Budget debate: Review of workflow models for doctors, workgroup to tackle abuse of healthcare workers

Healthcare staff, especially young doctors, have been bearing the brunt of the Covid-19 waves, as they face long hours and fatigue. PHOTO: ST FILE

SINGAPORE - Current workflow models for healthcare workers will be reviewed and measures will be put in place to improve their well-being, especially for junior doctors, said Senior Minister of State for Health Koh Poh Koon on Wednesday (March 9).

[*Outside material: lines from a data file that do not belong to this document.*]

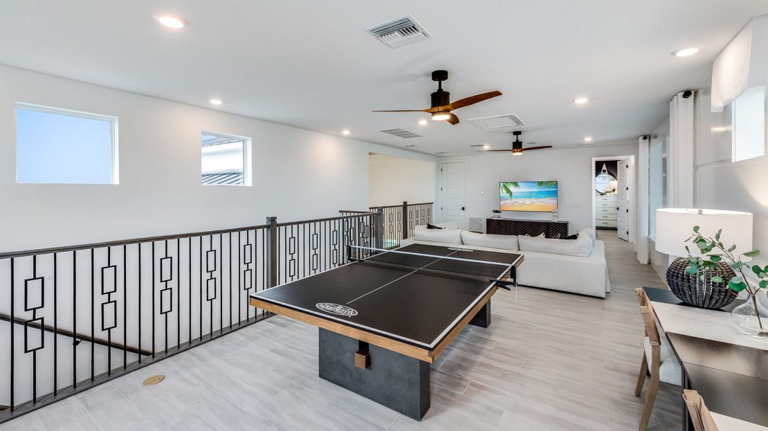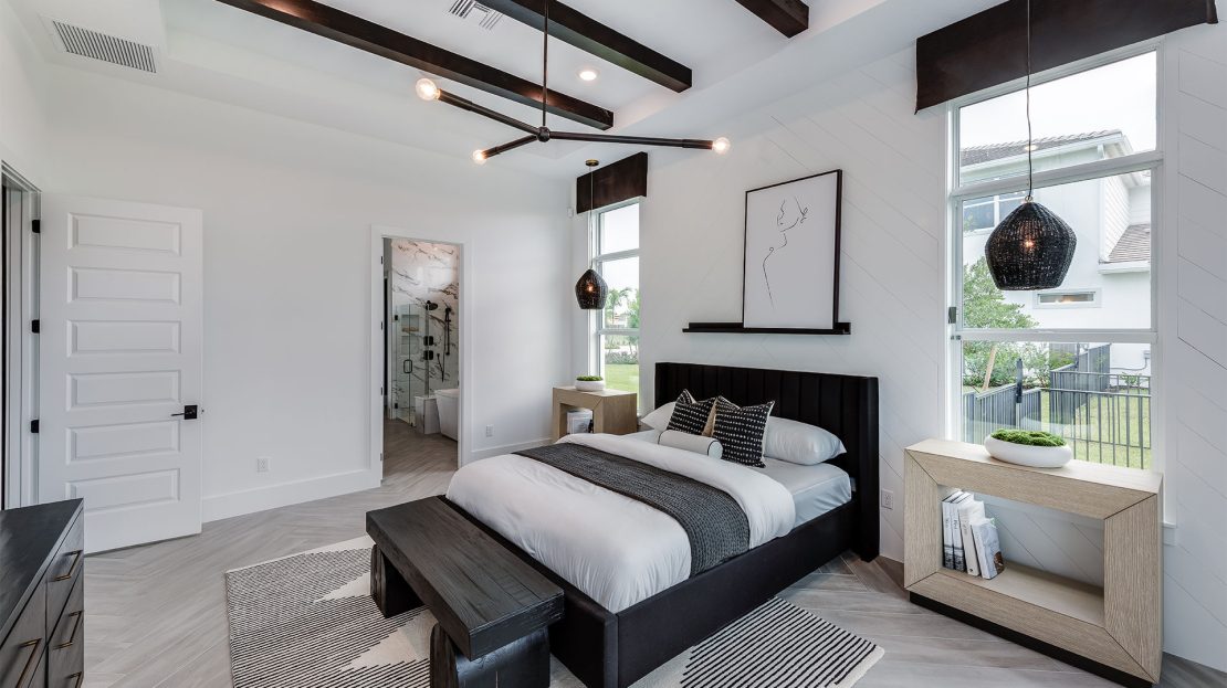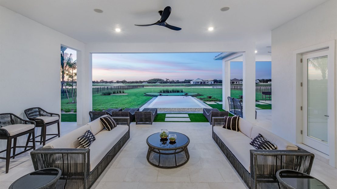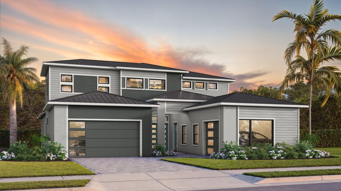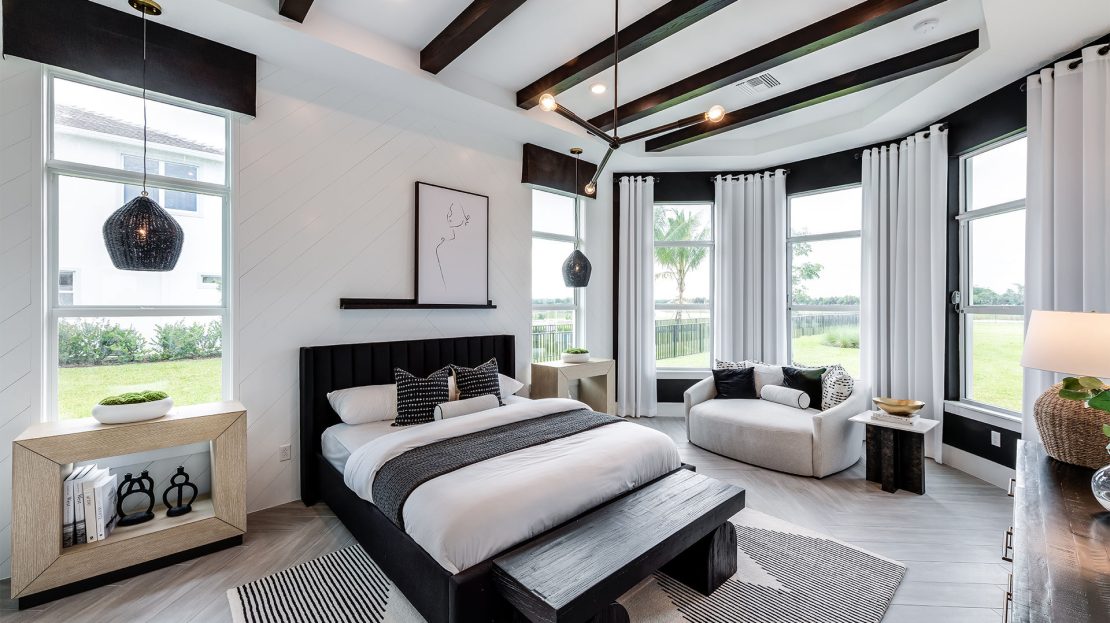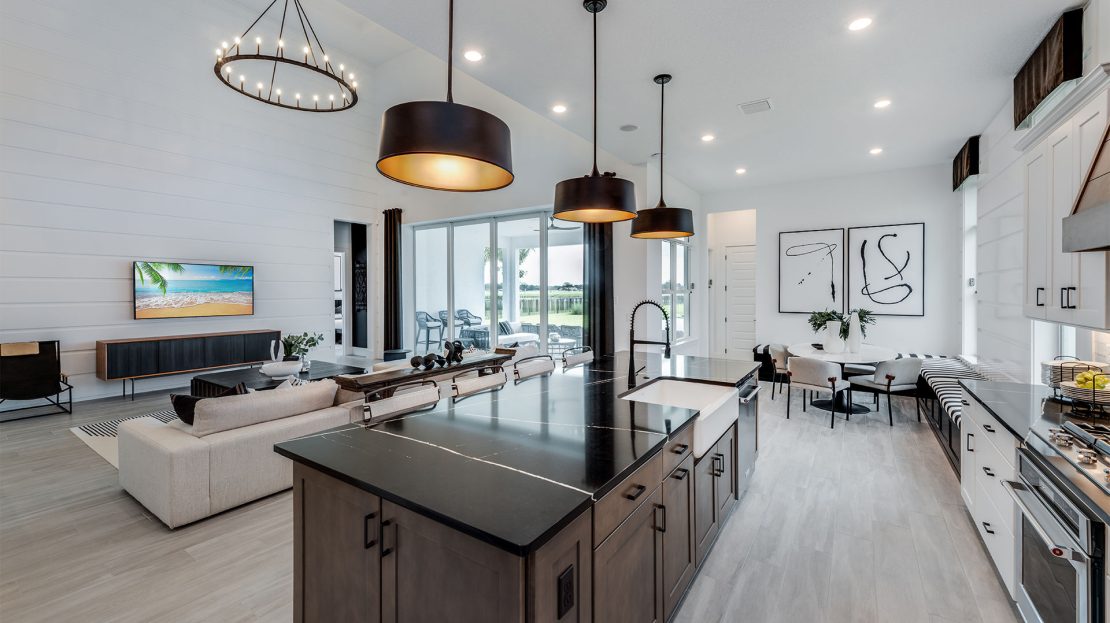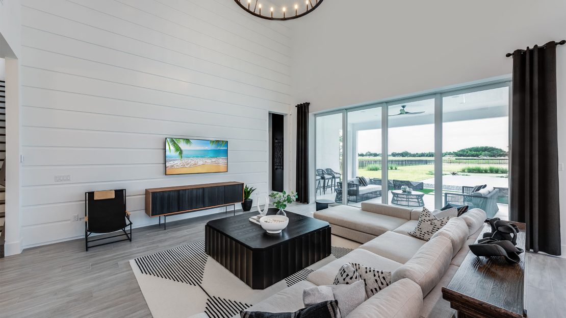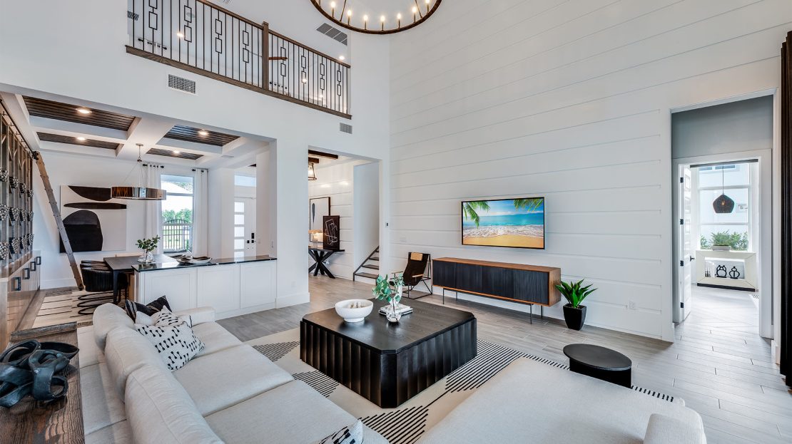 The Madeira at Amara is celebrated for its exceptional entertaining spaces. Relax on the covered lanai or take advantage of the inviting pool options. Inside, the home features clean lines and an open layout, enhanced by elegant, durable designer finishes and abundant natural light that together create a stylish and welcoming atmosphere.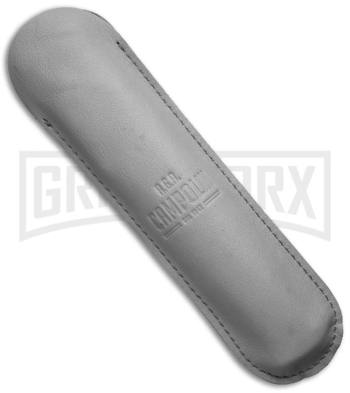 An impressive interpretation of the classic swinguard from A.G.A. Campoloin. This knife measures 13 inches when opened and has a stylized swinguard. This knife features a polished bayonet stainless steel blade and a solid nickel silver firing button. The rich stag handles are offset with brass pins over brass liners. The blade has fast, smooth action in spite of its size. The unique swinguard design gives the knife an almost medieval look. Includes a soft leather storage pouch.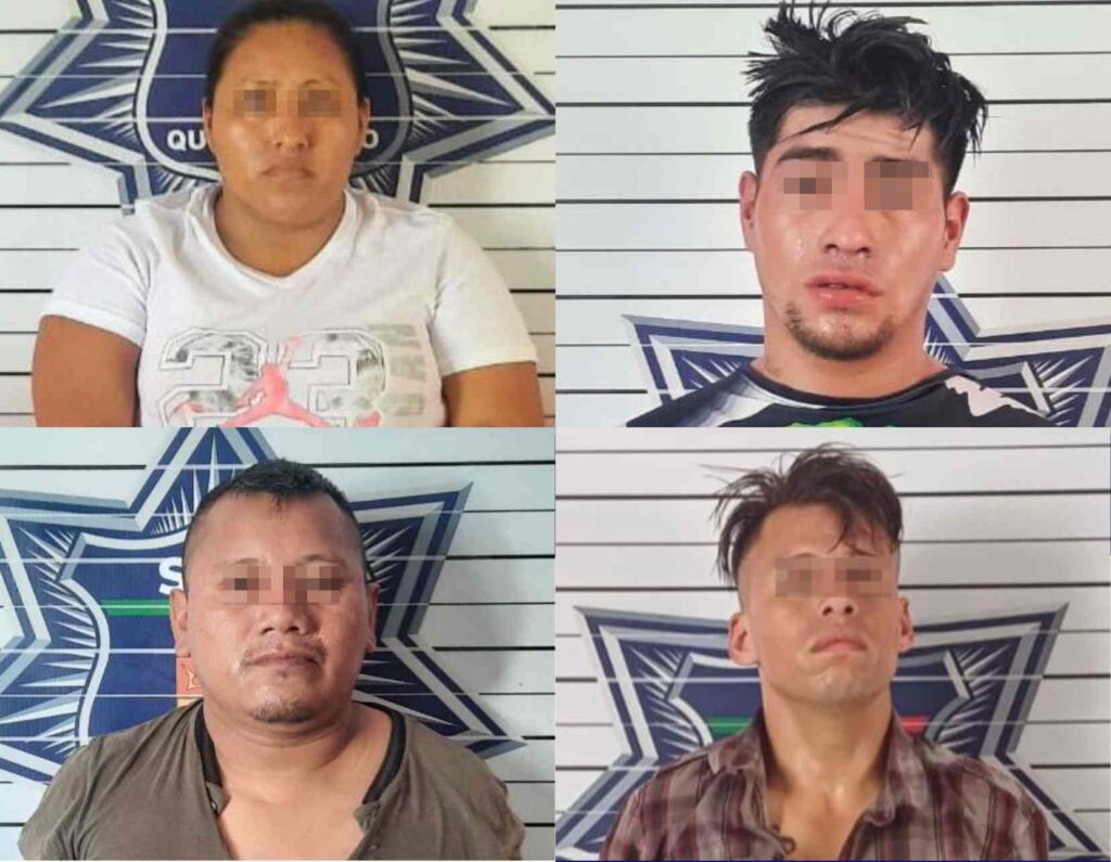 Cancún, Q. Roo (Marcrix Noticias).– Fidel “N”, Alizbethiana “N”, Juan “N” y Emmanuel “N”, fueron detenidos por presunta implicación en delitos contra la salud en un fraccionamiento de esta ciudad, cuando intercambiaban bolsitas transparentes con vegetal similar a la marihuana.

Healthcare staff, especially young doctors, have been bearing the brunt of the Covid-19 waves as they face long hours and fatigue, leading to increased resignation rates.

Dr Koh told Parliament on Wednesday during the debate on his ministry's budget that 20 per cent of all junior doctors have exceeded the stipulated 80-hour work week due to the nature of clinical work or exigencies of service.

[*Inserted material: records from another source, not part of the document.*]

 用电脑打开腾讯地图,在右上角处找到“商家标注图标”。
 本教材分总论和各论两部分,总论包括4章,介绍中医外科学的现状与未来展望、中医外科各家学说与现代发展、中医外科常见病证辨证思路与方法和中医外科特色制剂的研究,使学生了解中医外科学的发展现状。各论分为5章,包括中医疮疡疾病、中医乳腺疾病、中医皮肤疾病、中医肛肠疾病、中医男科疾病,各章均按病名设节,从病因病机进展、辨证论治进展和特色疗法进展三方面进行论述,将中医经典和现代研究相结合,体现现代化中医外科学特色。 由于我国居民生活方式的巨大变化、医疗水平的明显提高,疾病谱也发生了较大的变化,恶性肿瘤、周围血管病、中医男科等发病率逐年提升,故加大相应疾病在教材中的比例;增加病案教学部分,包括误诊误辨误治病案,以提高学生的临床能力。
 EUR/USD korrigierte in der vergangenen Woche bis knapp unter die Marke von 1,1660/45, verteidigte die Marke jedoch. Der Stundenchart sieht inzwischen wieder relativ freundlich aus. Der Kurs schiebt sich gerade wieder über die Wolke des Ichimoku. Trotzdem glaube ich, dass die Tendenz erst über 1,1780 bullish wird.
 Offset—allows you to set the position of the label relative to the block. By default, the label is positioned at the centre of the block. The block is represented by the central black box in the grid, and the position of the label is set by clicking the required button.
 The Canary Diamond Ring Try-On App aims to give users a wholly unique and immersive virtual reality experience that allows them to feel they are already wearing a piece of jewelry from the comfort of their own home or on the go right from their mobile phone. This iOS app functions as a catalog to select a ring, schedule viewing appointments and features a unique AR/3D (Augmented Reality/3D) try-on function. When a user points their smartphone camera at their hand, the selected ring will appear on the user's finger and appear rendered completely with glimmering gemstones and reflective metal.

To improve work hours, he noted that some have proposed night float systems - where doctors take turns to take on night shifts for a few days at a stretch without covering daytime work - while others man the day shift.

"Doctors may feel more refreshed when they start their night shifts with a full day's rest, although there are possible trade-offs in requiring more manpower to do a shift system, more handoffs between team members, which carries some risks of omission in tasks and possibly reduced learning experiences," Dr Koh noted.

He added that the system has so far been trialled in two large departments, with plans to do so in smaller departments curtailed due to Covid-19.

"When the situation allows, we intend to restart the trials," said Dr Koh.

However, aside from the issue of work hours, he stressed that it is important not to "lose sight" of the important considerations inherent in the nature of the work of doctors.

"With shorter working hours a week, a junior doctor may have to undergo a longer apprenticeship to acquire the necessary competencies," he added.

Dr Koh pointed out that the workload and nature of clinical work now are different compared with yesteryears. With an ageing population, there will be more cases of chronic diseases, with more expectations for "collaborative and consultative care".

Therefore, there is a wider need for transformation in the current care delivery arrangements, and junior doctors should not be stretched beyond "what is physiologically possible and risk compromising patient safety".

He added that he recently met junior doctors from the Singapore Medical Association's Doctors-in-Training Committee and others from all three healthcare clusters to discuss the challenges they faced, and the trade-offs of possible workflow changes.

In December last year, the National Wellness Committee for Junior Doctors was set up to improve their overall well-being. Dr Koh said the work group will focus on reviewing current workflow models such as manpower and work hour norms as well as career development and training, and promoting a more inclusive culture so junior doctors can feel safe speaking out on matters related to their safety and well-being.

Preliminary proposals will be made by the middle of this year so that some measures can be implemented, with a view to complete the final recommendations by early next year, he added.

A new Tripartite Workgroup was also set up this month (March) to prevent the abuse and harassment of healthcare workers as these cases have been on the rise over the past few years, said the Ministry of Health (MOH).

Dr Koh noted that the number of abuse cases has been on the rise - in end 2021, there were about 1,500 cases, up from 1,080 in 2018.

"The actual number may be higher, as many healthcare workers exercise empathy and therefore, do not always take a legalistic approach and report and escalate every altercation. However, their compassion should not be misconstrued as an acceptance of abuse or harassment. We need to make sure that our healthcare workers feel safe in their work environment," he added.

This is in spite of public healthcare workers coming under enhanced protection under the Protection against Harassment Act if they are abused or harassed when carrying out their duties, Dr Koh noted.

The workgroup will develop and implement strategies targeted at preventing abuse, raise public awareness on what constitutes harassment, and establish processes to ensure that these initiatives are implemented, said MOH.